Em dezembro de 2022, ao fim do governo anterior, a relação estava em 71,7% do PIB. A diferença para os 81,9% de junho é de 10,2 pontos percentuais acumulados ao longo do atual mandato.
Os números de junho ajudam a entender o movimento. O setor público registrou déficit primário de R$ 55,3 bilhões no mês, alta de 17,4% na comparação com os R$ 47,1 bilhões de junho de 2025. Déficit primário é o resultado das contas antes de contabilizar os juros.

O peso dos juros na conta
É nos juros que está a parte mais pesada. Só em junho, os juros nominais do setor público consolidado somaram R$ 110,7 bilhões, contra R$ 61 bilhões no mesmo mês do ano anterior. A conta de juros praticamente dobrou em doze meses.
Esse é um ponto que costuma se perder no debate. Boa parte do crescimento da dívida pública não vem de gasto novo, e sim do custo de rolar o estoque que já existe, num período de taxa básica elevada. Quanto mais alta a Selic, mais caro fica cada mês de dívida, independentemente do que o governo decida gastar ou cortar.
A Dívida Líquida do Setor Público, que desconta os ativos que o governo tem em caixa, ficou em 68,5% do PIB, ou cerca de R$ 9 trilhões.
O que projeta a instituição do Senado
A Instituição Fiscal Independente, órgão técnico vinculado ao Senado Federal, tratou do tema no Relatório de Acompanhamento Fiscal nº 113, divulgado em junho. A projeção do órgão é que a dívida bruta encerre 2026 em 82,5% do PIB.
O cenário de médio prazo preocupa mais. Mantidas as regras fiscais e orçamentárias atuais, junto com a expansão das despesas obrigatórias, a IFI calcula que o indicador ultrapasse 100% do PIB em 2032 e chegue a 115% em 2036. O relatório classifica esse patamar como extremamente elevado para uma economia emergente.
O órgão também estimou o esforço necessário para estabilizar a relação entre dívida e PIB: seria preciso que o país gerasse superávit primário de 2,1% do PIB por ano. Para efeito de comparação, o Brasil vem de uma sequência de anos com resultado primário negativo.
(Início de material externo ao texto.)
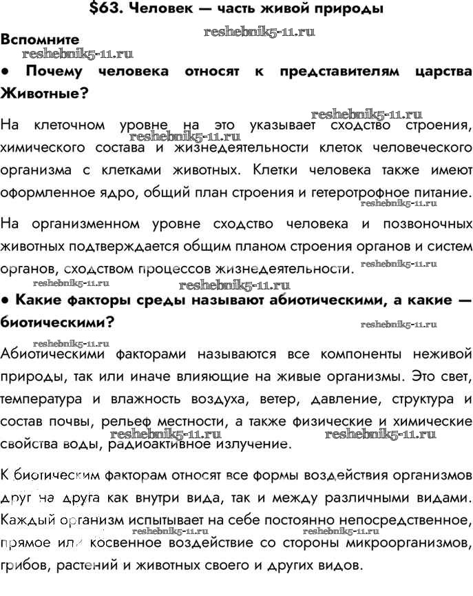 Готовая домашняя работа с ответами по Биологии за 8 класс Драгомилов, Маш Учебник Алгоритм успеха Просвещение 2022 ФГОС - §63 Вспомним

O que isso significa na prática
Dívida alta em si não quebra um país, mas encarece tudo. Quanto maior a percepção de risco, mais juros o governo precisa pagar para vender seus títulos, e essa taxa serve de piso para o crédito da economia inteira, do financiamento imobiliário ao capital de giro de uma padaria.
Também aperta o orçamento. Cada real que vai para o pagamento de juros é um real que não vai para saúde, educação ou investimento. É por isso que o tamanho da dívida pública aparece com frequência no debate eleitoral deste ano, tratado por candidatos de campos opostos como evidência de teses bem diferentes.
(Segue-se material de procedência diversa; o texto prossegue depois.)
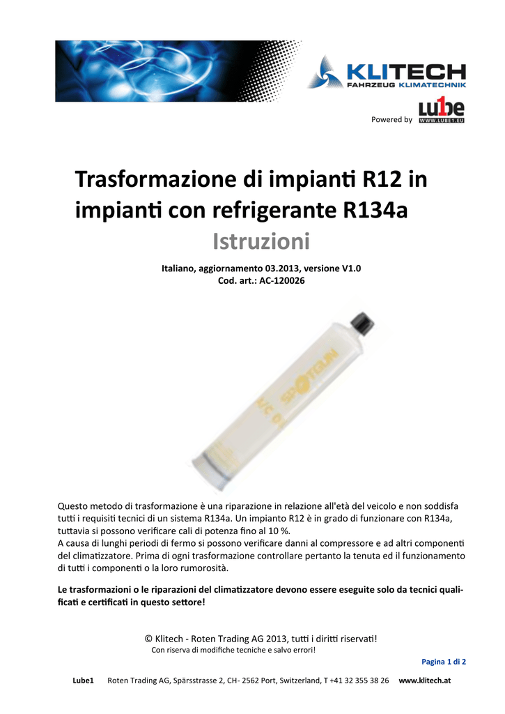 Powered by Trasformazione di impianti R12 in impianti con refrigerante R134a Istruzioni Italiano, aggiornamento 03.2013, versione V1.0 Cod. art.: AC-120026 Questo metodo di trasformazione è una riparazione in relazione all'età del veicolo e non soddisfa tutti i requisiti tecnici di un sistema R134a. Un impianto R12 è in grado di funzionare con R134a, tuttavia si possono verificare cali di potenza fino al 10 %. A causa di lunghi periodi di fermo si possono verificare danni al compressore e ad altri componenti del climatizzatore. Prima di ogni trasformazione controllare pertanto la tenuta ed il funzionamento di tutti i componenti o la loro rumorosità. Le trasformazioni o le riparazioni del climatizzatore devono essere eseguite solo da tecnici qualificati e certificati in questo settore! © Klitech - Roten Trading AG 2013, tutti i diritti riservati! Con riserva di modifiche tecniche e salvo errori! Pagina 1 di 2 Lube1 Roten Trading AG, Spärsstrasse 2, CH- 2562 Port, Switzerland, T +41 32 355 38 26 www.klitech.at Attrezzi necessari 1 Per il rifornimento con olio retrofit sono necessari i seguenti attrezzi ed adattatori: 1 pressa Spotgun: AC-471539 (1) 1 tubo flessibile adattatore Spotgun LP – R134a: AC-471535 (2) A seconda del veicolo i due adattatori di collegamento 3 del set Flan14all4 - R134a: AC-120003 (3) 2 Procedimento Utilizzare sempre guanti di sicurezza ed occhiali di protezione quando di lavora sui climatizzatori di veicoli. Il climatizzatore deve essere trasformato solo da tecnici esperti nel settore dei climatizzatori. 1. 2. 3. 4. 5. 6. 7. 8. 9. 10. 11. 12. Aspirare il refrigerante dall'impianto mediante il compressore di aspirazione a parte e smaltirlo in modo corretto (recipiente di raccolta di refrigerante esausto). Eseguire sempre una prova di tenuta dell'impianto evacuato mediante azoto al fine di individuare eventuali perdite. Si raccomanda di sostituire sempre il deumidificatore (esistono granulati deumidificatori non adatti per l'impiego con R134a). Rimuovere dal veicolo le valvole Schrader (inserti) degli attacchi per R12. Applicare gli adattatori in dotazione e serrarli a fondo (bassa pressione = diametro piccolo). Questi adattatori rimangono sul veicolo! Generare un vuoto spinto per almeno 45 minuti (processo di evacuazione minimo 45 minuti). Riempire l'impianto mediante la pressa Spotgun con massimo 60 ml di olio 488108E. Nella maggior parte dei casi gli impianti con R12 sono dimensionati per 180-300 ml di olio, la quantità supplementare di olio deve essere ben compatibile nel sistema R12, perché il nuovo deumidificatore è in grado di assorbire olio. È consigliabile di ruotare poi a mano il compressore del climatizzatore per far distribuire meglio l'olio all'interno del compressore. Rifornire l'impianto di una quantità di refrigerante R134a ridotta del 15-20 % rispetto alla quantità originaria di R12. Accendere 10 volte il climatizzatore e spegnerlo subito dopo per far distribuire i materiali di esercizio nel sistema. Misurare le pressioni sui due attacchi di manutenzione. Eseguire un test ordinario della potenza e rifornire l'impianto di soluzione di contrasto per poter individuare più tardi le eventuali perdite. Se la potenza di raffreddamento e le pressioni sono troppo basse, aumentare il volume di refrigerante aggiungendo il 5% di refrigerante. Incollare un'etichetta di manutenzione sul climatizzatore e riportarvi chiaramente la trasformazione del sistema sul refrigerante R134a. Pagina 2 di 2 Lube1 Roten Trading AG, Spärsstrasse 2, CH- 2562 Port, Switzerland, T +41 32 355 38 26 www.klitech.at

O efeito prático desse cenário sobre a vida em cidades do interior foi tratado em reportagem anterior desta Folha, que detalhou como o endividamento federal chega ao orçamento de Patrocínio e encarece o crédito para quem vive aqui. Esta reportagem se concentra no que veio depois: a abertura da conta de juros e as projeções de médio prazo do órgão técnico do Senado.
Os dados completos podem ser consultados nas estatísticas fiscais do Banco Central, atualizadas mensalmente. Outras reportagens de economia e política nacional estão na editoria Nacional da Folha de Patrocínio.
Foto de abertura: reprodução.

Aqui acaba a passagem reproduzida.